Indeed, signed Osidian.
‘And while I am screening the city, you will be here incinerating this place?’
‘I shall do nothing myself.’
Carnelian could hear the smile in Osidian’s voice. ‘You will make the Lesser Chosen commanders do it so as to fully implicate them.’
‘There are more ways to bind others to one’s cause than love.’
Carnelian would not allow himself to be stung by Osidian’s bitterness. ‘Which huimur is to be mine?’
Osidian made a summoning gesture and two legionaries rose from among the rest. ‘These are your Righthand and Lefthand. They will guide you to your command, my Lord.’
‘Until later then.’ Carnelian indicated to his officers that they should lead and he set off with them across the cothon floor.
As he approached the dragon Carnelian judged that, if it was less massive than Heart-of-Thunder, it could not be by much. Gazing up between the swelling arches of its eye-ridges, he found the scar glyphs of its name: Earth-is-Strong.
Carnelian turned to his Lefthand. ‘Have you ridden him long?’

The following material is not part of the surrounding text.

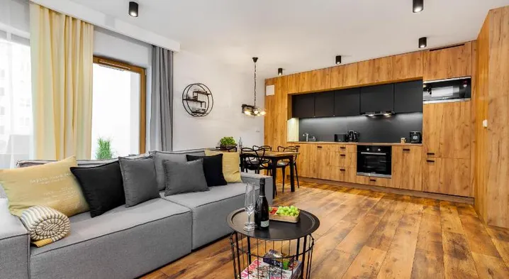 Stylish apartment in Gdynia with a fully equipped kitchen, balcony, and 24-hour front desk service.

‘She, Master,’ the man said, then shrank away at his presumption.
‘You were right to correct me, legionary,’ Carnelian said, gazing back at the dragon. He had not thought they could be female.
‘Nine years,’ the man was saying when Carnelian’s chuckle interrupted him. He was amused to find he was detecting feminine curves in the monster’s horns, her beak, the sweep of her crest. Her lower right horn was just a stump, so she really only had three.
Carnelian became aware of the legionaries’ confusion. ‘Come, let’s take her out.’
He followed them to the rear of a pier, where they opened a door for him. He dismissed them and began to climb the stair alone. No doubt its form was intended to remind a commander of the Law. He used its spiralling path to compose his mind. He must be careful how he managed those under his command. When he reached the summit, he saw before him the bone pyramid of her tower upon her massive back. He could not help feeling a stab of elation that she was his.